PutIceberg 2.3.0.4.10.0.0-147

Bundle
org.apache.nifi | nifi-iceberg-processors-nar
Description
This processor uses Iceberg API to parse and load records into Iceberg tables. The incoming data sets are parsed with Record Reader Controller Service and ingested into an Iceberg table using the configured catalog service and provided table information. The target Iceberg table should already exist and it must have matching schemas with the incoming records, which means the Record Reader schema must contain all the Iceberg schema fields, every additional field which is not present in the Iceberg schema will be ignored. To avoid 'small file problem' it is recommended pre-appending a MergeRecord processor.
Tags
avro, iceberg, orc, parquet, parse, put, record, store, table
Input Requirement
Supports Sensitive Dynamic Properties
false
  • Additional Details for PutIceberg 2.3.0.4.10.0.0-147

    PutIceberg

    Description

    Iceberg is a high-performance format for huge analytic tables. The PutIceberg processor is capable of pushing data into Iceberg tables using different types of Iceberg catalog implementations.

    Commit retry properties

    Iceberg supports multiple concurrent writes using optimistic concurrency. The processor’s commit retry implementation is using exponential backoff with jitter and scale factor 2, and provides the following properties to configure the behaviour according to its usage.

    • Number Of Commit Retries (default: 10) - Number of retries that the processor is going to try to commit the new data files.
    • Minimum Commit Wait Time (default: 100 ms) - Minimum time that the processor is going to wait before each commit attempt.
    • Maximum Commit Wait Time (default: 2 sec) - Maximum time that the processor is going to wait before each commit attempt.
    • Maximum Commit Duration (default: 30 sec) - Maximum duration that the processor is going to wait before failing the current processor event’s commit.

    The NiFi side retry logic is built on top of the Iceberg commit retry logic which can be configured through table properties. See more: Table behavior properties

    Snapshot summary properties

    The processor provides an option to add additional properties to the snapshot summary using dynamic properties. The additional property must have the ‘snapshot-property.’ prefix in the dynamic property key but the actual entry will be inserted without it. Each snapshot automatically gets the FlowFile’s uuid in the ’nifi-flowfile-uuid’ summary property.

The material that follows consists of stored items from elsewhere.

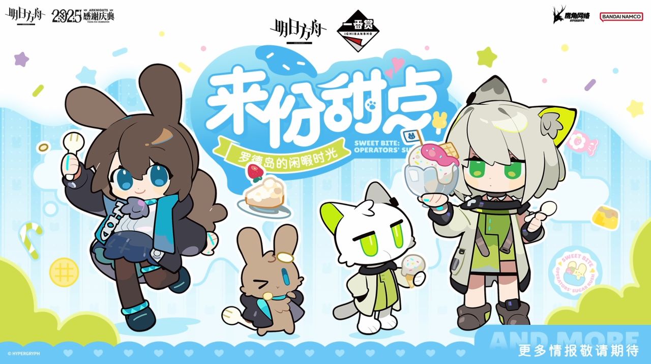 主线动画设定集。星愿系列周边。和一番赏的合作来份甜点。新约能天使,维什戴尔,庆典之夜手办。上好佳联动。123罗德岛漫画。猩红血钻的漫画。W和送葬人、lgs和银灰的粘土人,异格拉普和德克萨斯手办。明日方舟X轻松熊联动。以及和怪猎的2次联动。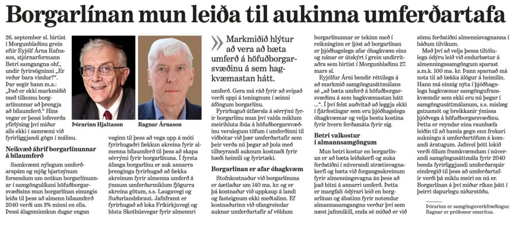 Greinar eftir Elías B. Elíasson verkfræðing, Ragnar Árnason hagfræðing og prófessor emeritus og Þórarinn Hjaltason samgönguverkfræðing.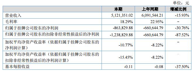 報(bào)告期內(nèi),公司實(shí)現(xiàn)營(yíng)業(yè)收入512.14萬(wàn)元,較上年同期減少15.93%;報(bào)告期內(nèi)歸屬于公司股東的凈利潤(rùn)為-86.38萬(wàn)元,比上年同期減少了20.32萬(wàn)元,增減比例為-30.76%。?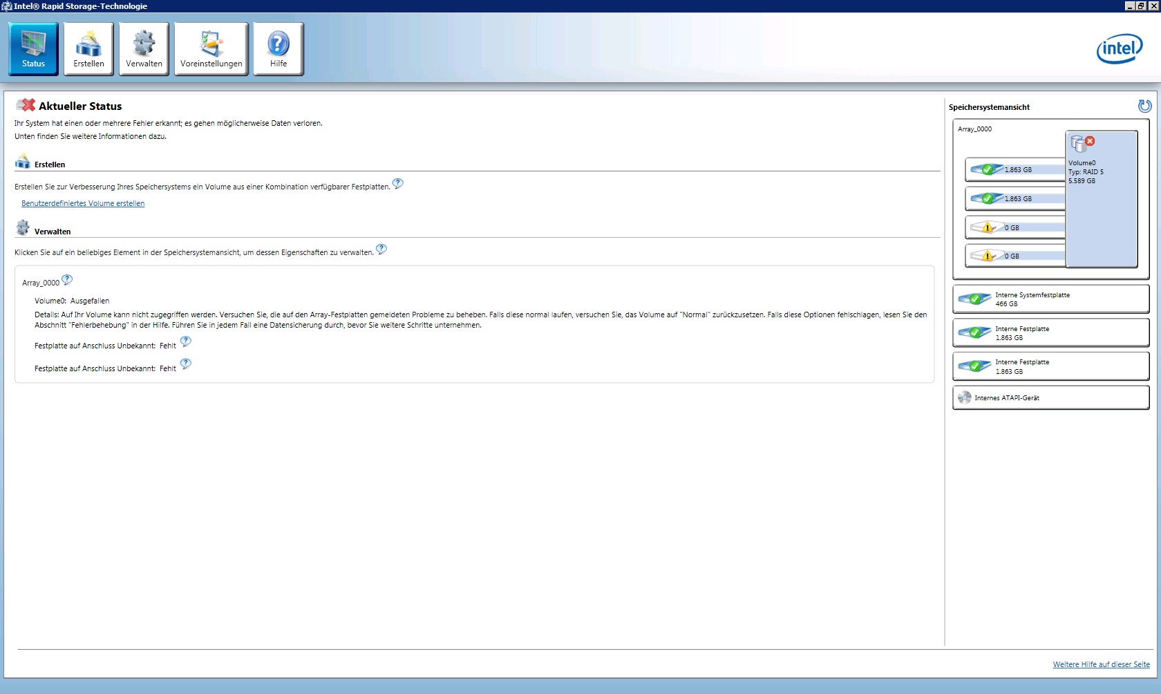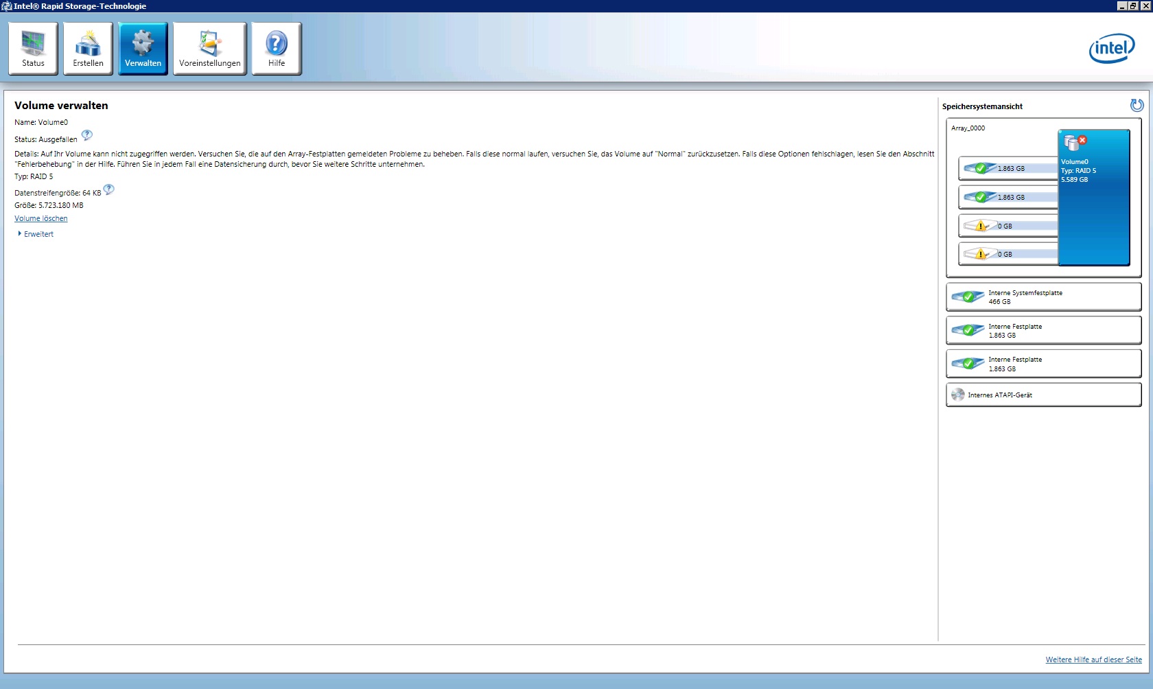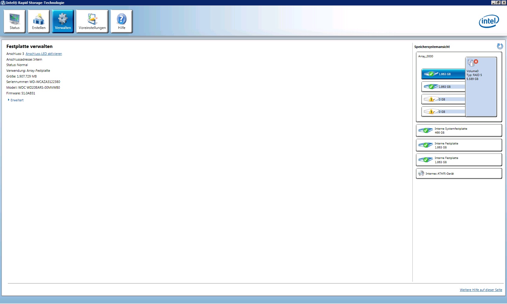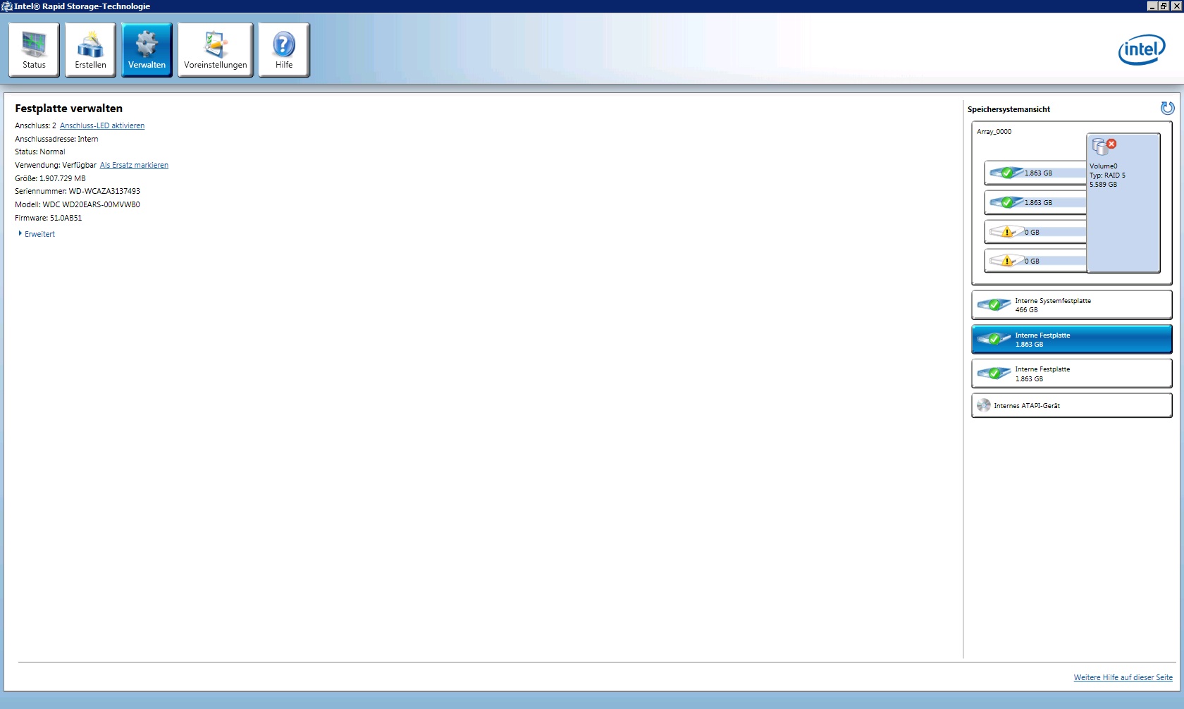 Die zwei rausgefallenen RAID-Platten werden jetzt als Datenträger 2 und 3 angezeigt, daher im HxD physical disk 3 und 4

    Processor instance isolation

    By default, the processor instance isolation works based on Kerberos user principal provided in the KerberosUserService. If there is no KerberosUserService defined on the processor then the processor will use the default classloader. When further isolation needed, the user can configure the processor to make every processor instance use a separated classloader. To enable this, a new dynamic property needs to be added with ‘classloader.isolation.full’ as key and ’true’ as value.

Properties
Dynamic Properties
Relationships
Name Description
success A FlowFile is routed to this relationship after the data ingestion was successful.
failure A FlowFile is routed to this relationship if the operation failed and retrying the operation will also fail, such as an invalid data or schema.
Writes Attributes
Name Description
iceberg.record.count The number of records in the FlowFile.